The O*NET Data Collection Program, which is sponsored by the U.S. Department of Labor, is seeking the input of expert Hydrologists. As the nation’s most comprehensive source of occupational data, O*NET is a free resource for millions of job seekers, employers, veterans, educators, and students at www.onetonline.org.

You have the opportunity to participate in this important initiative as it will help ensure that the complexities of your profession are described accurately in the O*NET Database for the American public for career exploration and job analysis.

Hydrologists:  Research the distribution, circulation, and physical properties of underground and surface waters; and study the form and intensity of precipitation, its rate of infiltration into the soil, movement through the earth, and its return to the ocean and atmosphere.

You are considered an Occupation Expert if you meet the following criteria:

  • At least 5 years of experience with the occupation of Hydrologists. Includes those who are now supervising, teaching, or training IF you have at least one year of practice during your career.
  • Currently active in the occupation of Hydrologists (practicing, supervising, teaching and/or training) and based in the U.S.

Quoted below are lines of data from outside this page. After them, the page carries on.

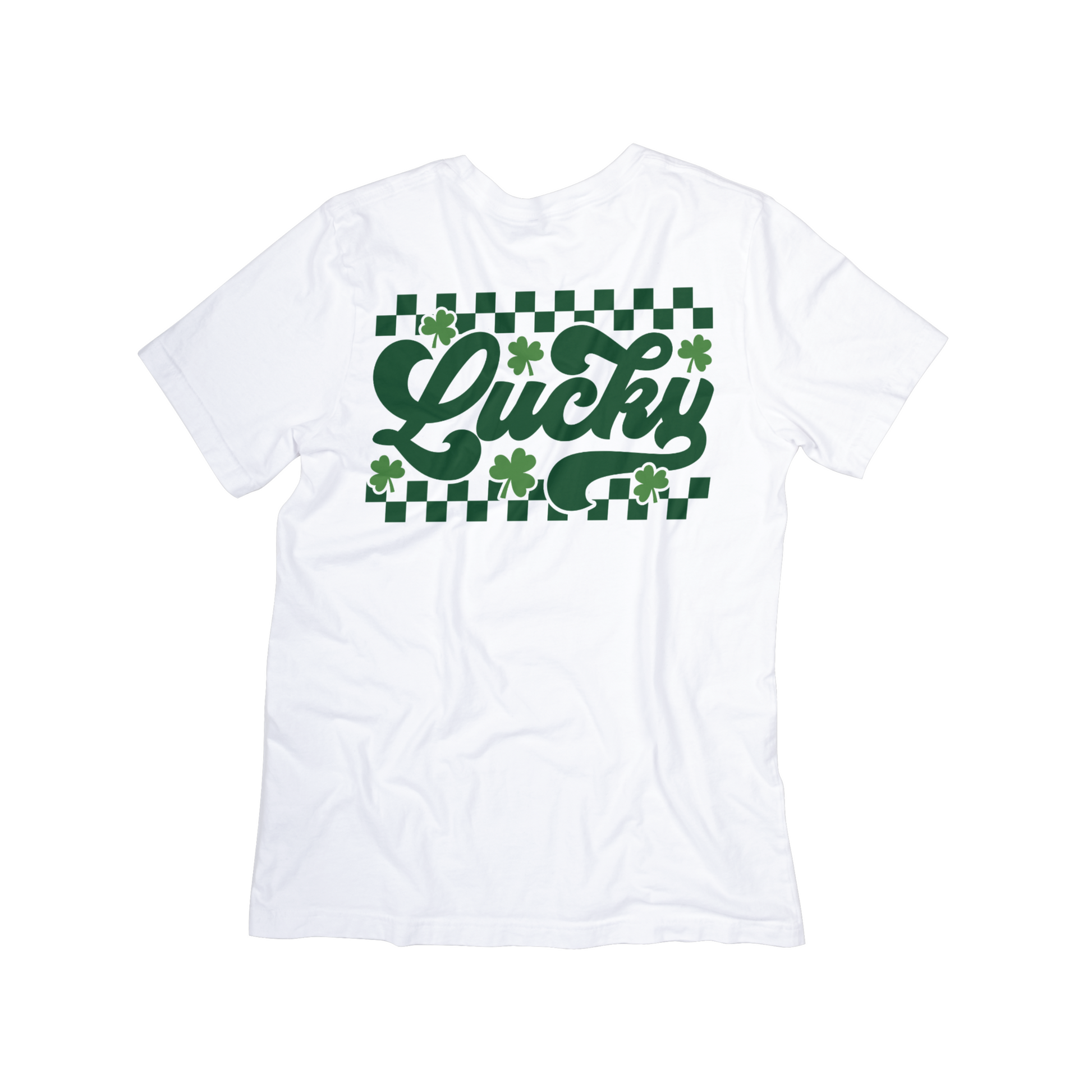 Add a vintage flair to your St. Patrick’s Day wardrobe with our Retro Lucky Shamrock T-Shirt! This bold design features a stylish retro font spelling out "Lucky," accented with a checkerboard pattern and scattered shamrocks for an extra dose of good fortune. The perfect blend of trendy and festive, this tee is great for celebrating St. Paddy’s Day or just bringing a little extra luck to your everyday style.
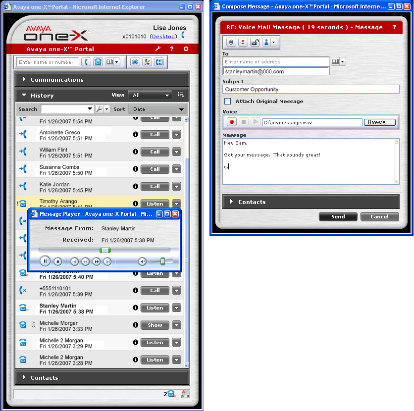 統(tǒng)一通信市場正在步入新的發(fā)展階段,新的產(chǎn)品與方案逐漸面世。在不久前舉行的全球企業(yè)通信盛會美國VoiceCon上, Avaya推出了全新的one-X Portal, 進一步把統(tǒng)一通信從理念帶向?qū)嶋H應(yīng)用。 Avaya one-X Portal能夠讓員工通過基于網(wǎng)絡(luò)的界面,簡便安全地使用各種通信功能,包括語音通信、消息管理、移動辦公和會議等等。通過簡便、創(chuàng)新的方式,這個方案讓使用者從桌面電腦獲得統(tǒng)一通信的全部功能,從而提高了效率、管理能力和業(yè)務(wù)連續(xù)性。
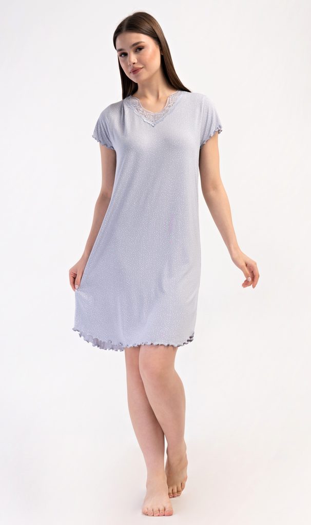 Dámská noční košile s krátkým rukávem Vločka. Noční košile s příjemnou délkou po kolena má žlábkování na rukávech a spodním lemu, výstřih je ozdoben krajkou. Na látce košile jsou natištěny drobné puntíky. Použitý viskózový materiál s příměsí lycry je příjemný a poddajný na dotek.
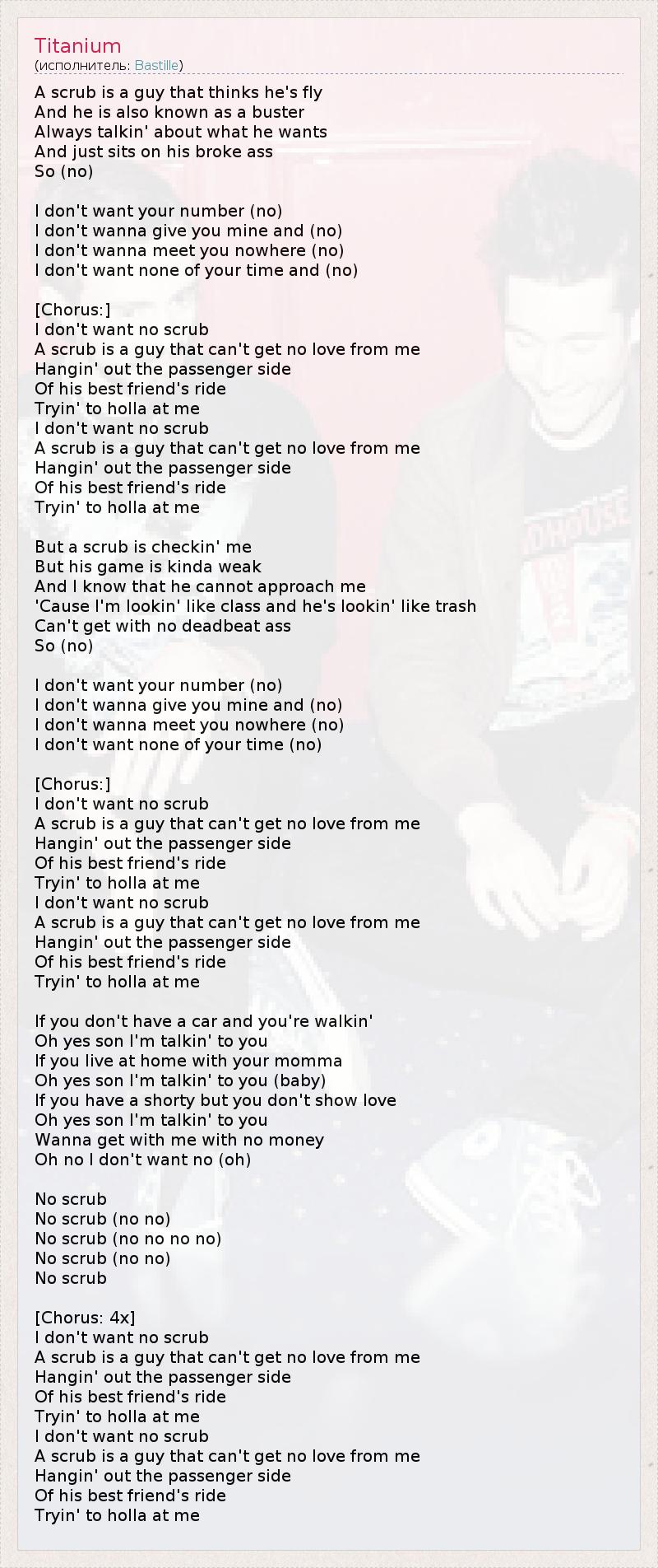 A scrub is a guy that thinks he's fly And he is also known as a buster Always talkin' about what he wants And just sits on his broke ass So (no) I don't want your number (no) I don't wanna give you mine and (no) I don't wanna meet you nowhere (no) I don't want none of your time and (no) [Chorus:] I don't want no scrub A scrub is a guy that can't get no love from me Hangin' out the passenger side Of his best friend's ride Tryin' to holla at me I don't want no scrub A scrub is a guy that can't get no love from me Hangin' out the passenger side Of his best friend's ride Tryin' to holla at me But a scrub is checkin' me But his game is kinda weak And I know that he cannot approach me 'Cause I'm lookin' like class and he's lookin' like trash Can't get with no deadbeat ass So (no) I don't want your number (no) I don't wanna give you mine and (no) I don't wanna meet you nowhere (no) I don't want none of your time (no) [Chorus:] I don't want no scrub A scrub is a guy that can't get no love from me Hangin' out the passenger side Of his best friend's ride Tryin' to holla at me I don't want no scrub A scrub is a guy that can't get no love from me Hangin' out the passenger side Of his best friend's ride Tryin' to holla at me If you don't have a car and you're walkin' Oh yes son I'm talkin' to you If you live at home with your momma Oh yes son I'm talkin' to you (baby) If you have a shorty but you don't show love Oh yes son I'm talkin' to you Wanna get with me with no money Oh no I don't want no (oh) No scrub No scrub (no no) No scrub (no no no no) No scrub (no no) No scrub [Chorus: 4х] I don't want no scrub A scrub is a guy that can't get no love from me Hangin' out the passenger side Of his best friend's ride Tryin' to holla at me I don't want no scrub A scrub is a guy that can't get no love from me Hangin' out the passenger side Of his best friend's ride Tryin' to holla at me

If you meet these criteria and are interested in participating as an occupation expert, please email or call Tammy Belcher at the O*NET Operations Center at RTI International (the O*NET data collection contractor) 877-233-7348 ext. 119 or tbelcher@onet.rti.org by 17 August 2015 and provide the following:

  • Name/ # years of experience
  • Address with city and state
  • Daytime phone number
  • Email address
  • Do you have at least one year of practice in the occupation and are you still active?

Process and Participation Incentive: 
A random sample of experts responding to this request will be invited to complete a set of questionnaires (paper or online versions available). $40.00 in cash and a certificate of appreciation from the U.S. Department of Labor will be included with the questionnaires.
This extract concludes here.